Moreover, this approach serves as essential training for collaborating with clients. By presenting three distinct options, we invite clients into the design process. They become active participants, engaging collaboratively with the design team to establish consensus and take ownership of the decisions that shape the outcome. Ultimately, it empowers them to truly own the design. Lastly, read your history.

Bonus Question! What are you most interested in from a design perspective? What do you see as your ‘domain’ or niche / what would you like to be known for?

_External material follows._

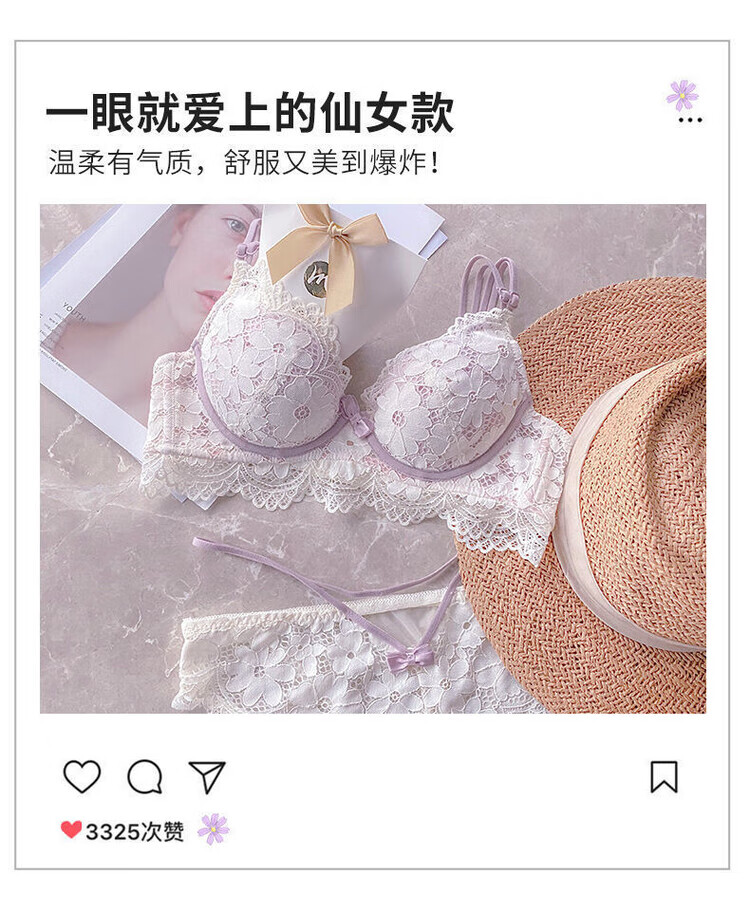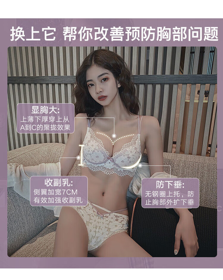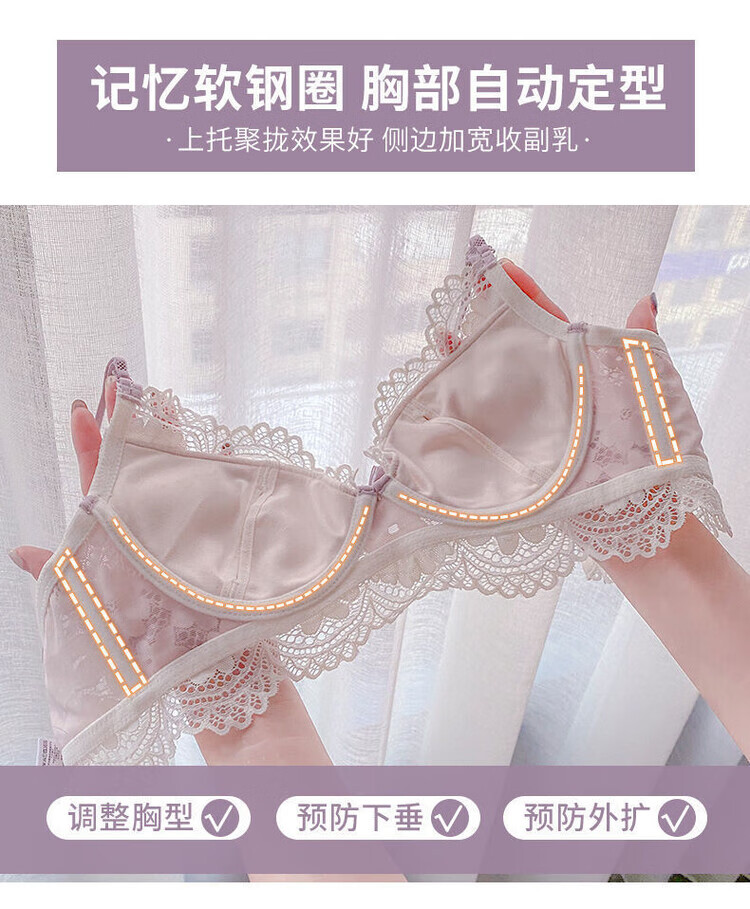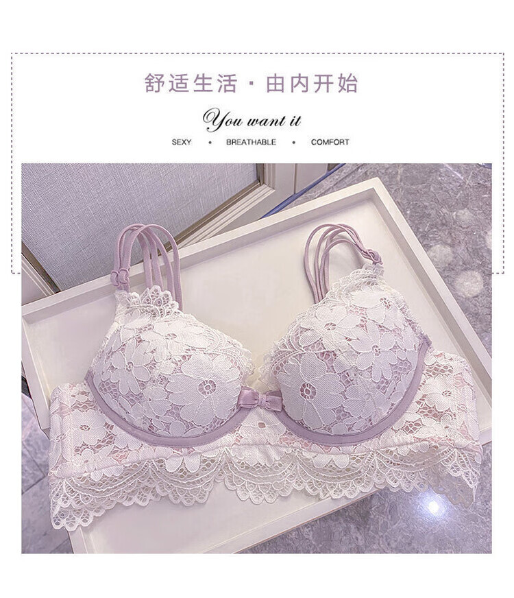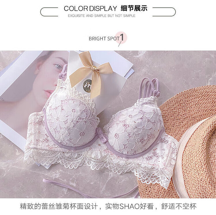 VICTTORIS BARS性感内衣女小胸聚拢文胸深V收副乳少女上托调整型美背胸罩套装 【套装】紫色 均码 70=32 (AB通用)

Drawing from my design background, which extends beyond the hospitality domain to encompass an art education and experience in designing a diverse range of structures such as civic, institutional, healthcare, and laboratory buildings, I embrace an open-minded and generalist approach to destination design. This approach proves advantageous, especially when collaborating with clients who entrust WATG to create something “that has never been seen”. In such cases, we must “do something we have never done” and our immediate task is to seek inspiration from unconventional sources and remain receptive to innovative ideas across various disciplines.